» Information shown
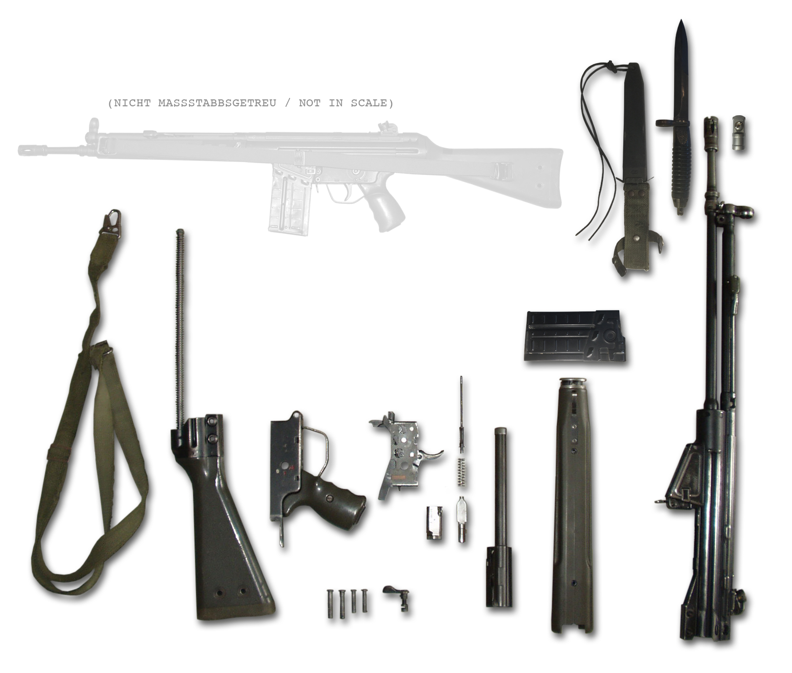 분해된 G3A3 소총, 모듈식 설계를 보여줌
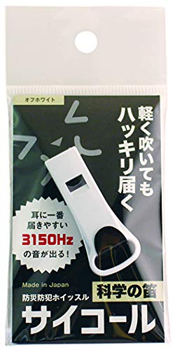 三和製作所の防災防犯ホイッスル「サイコール」は、オフホワイトカラーで視認性が高く、軽量で携帯しやすい設計。緊急時に高音で音を響かせ、安心を提供します。
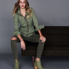 - Military style is embodied in olive or khaki boots. What to wear such shoes with? Do not wear camouflage so that the image matches the chosen style? Under such original shoes you can wear jeans or denim shorts, a white T-shirt or your favorite T-shirt. A colorful print skirt can also be a great option.

» About this task
All of the data above needs to be retyped exactly, with the pictures removed.

» Exercise answer
 분해된 G3A3 소총, 모듈식 설계를 보여줌
 三和製作所の防災防犯ホイッスル「サイコール」は、オフホワイトカラーで視認性が高く、軽量で携帯しやすい設計。緊急時に高音で音を響かせ、安心を提供します。
 - Military style is embodied in olive or khaki boots. What to wear such shoes with? Do not wear camouflage so that the image matches the chosen style? Under such original shoes you can wear jeans or denim shorts, a white T-shirt or your favorite T-shirt. A colorful print skirt can also be a great option.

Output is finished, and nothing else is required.